Powell: We have a map of Oregon’s hospitals. Of course that’s important for any health related response. And then we’ve got the hospital capacity system up as well as our health alert network. So those are tools that we use to communicate with our hospital and local health department partners about what the situation is and to gather information from them.

KFV: There were about a dozen people in the room. They meet every morning here to decide what, if anything needs to be done. And then, since everything’s calm right now, they go back to their usual jobs. In the past, the room’s been activated for the H1N1 virus, the flu, for flooding and more recently the summer wildfires.

GK: How about hospitals and clinics? Did the governor feel that they were ready to deal with any Ebola cases?

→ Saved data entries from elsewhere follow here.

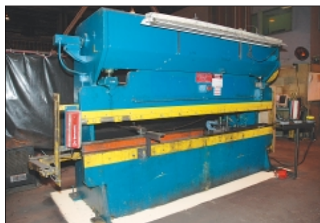
90 Ton X 12' Dries & Krump Chicago Model 1012L Mechanical Press Brake
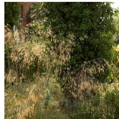
Ornamental grasses (Image - Stipa gigantea )

PM Turf is 100% floriferous material, meaning no grasses are added to the mix. This is because grasses quickly out-compete other plant-life, damaging the overall effect of the meadow and reducing its lifespan. PM turf meadows attract as much wildlife as possible so there are plants in the mixes which will flower right through to the first frosts, and species whose seed heads provide valuable winter feed for birds.
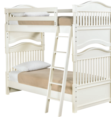
268-7320 ABIGAIL BUNK BED, TWIN Overall: 42 11/16W 75 3/4H 81L (108 x 192 x 206 cm)

CONSISTS OF: 268-E420 ABIGAIL BUNK BED ENDS FULL SET RLS-0052 TWIN/FULL BED RAILS SET (BOLT) SLR-0468 SLAT ROLL, FULL
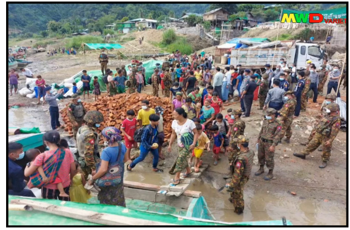
The IDPs being transported to their homes by the responsible officials

With the combined efforts of Chin state government and the Tatmadaw, mine clearance activities, house repairs were carried out in the villages of IDPs temporarily living in Platwa township of Chin state and the requirements of their livelihoods were fulfilled. Therefore, the IDPs in 7 villages from Platwa township were being transport-
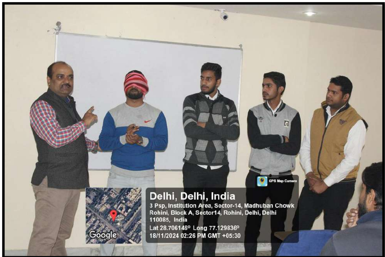
Students attending the session on Role Play on issues faced by women in workplace
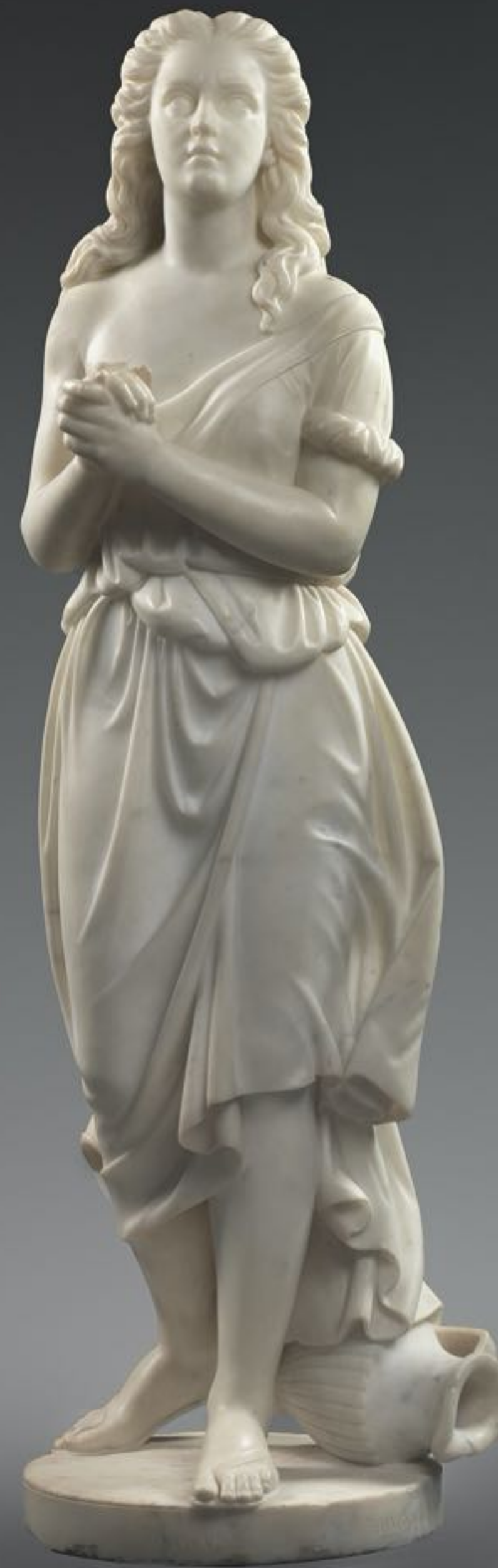
Edmonia Lewis sculpture of Hagar
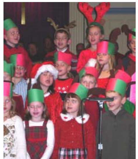
Children's choirs performing at Christmas Lite
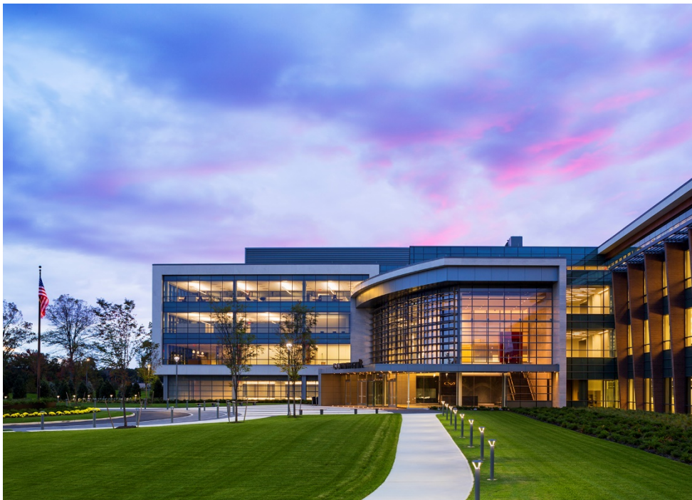
CommVault's new headquarters located in the Tinton Falls Reuse Area

Fort Monmouth consists of 1,127 acres located in the Boroughs of Tinton Falls, Eatontown and Oceanport, New Jersey. Established in 1917 as Camp Little Silver, the Fort served as the home of the Signal Corps, and later CECOM, the Communications and Electronics Command. The Fort was designated for closure in the 2005 BRAC round, and formally closed in September 2011. FMERA entered into the EDC Agreement with the Army in June 2012, and took title to an initial property, a 55-acre tract in Tinton Falls known as Parcel E, in January 2013. FMERA subsequently sold Parcel E to Commvault, one of the nation's leading data and information management software companies, for construction of a new headquarters complex for the company. Commvault occupied the first building in the complex, a 275,000-sf facility for 900 employees, in late 2014. The company has approvals in hand to develop up to 650,000 sf for an estimated 2,500 employees.
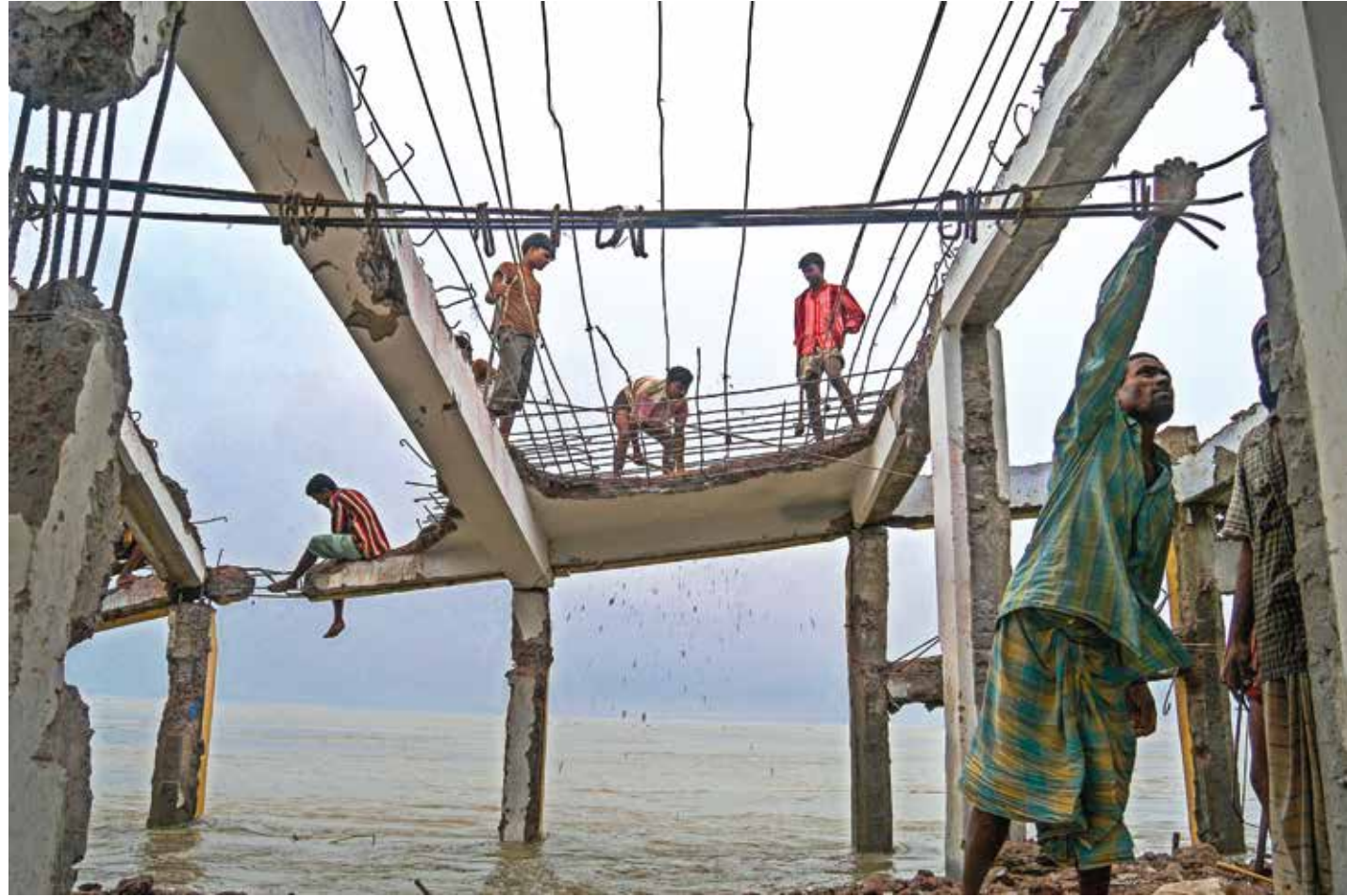
In Kurigram district, this school was deconstructed, brick by brick, as massive floods (2007) hit. They hope to save as much building materials as they could, so that it could be restructured at a convenient time. Flood 2007, Kurigram, July 31, 2007

KFV: He did. But part of the problem has been the CDC changing its guidelines as the agency learns more about the disease. For example, just (Monday) afternoon — shortly after the governor and local health officials spoke — the CDC issued new guidelines. States and local public health authorities are now being advised to actively monitor people, rather than have them monitor themselves.

I did call public health officials to ask for their response to these new guidelines, but I didn’t hear anything back.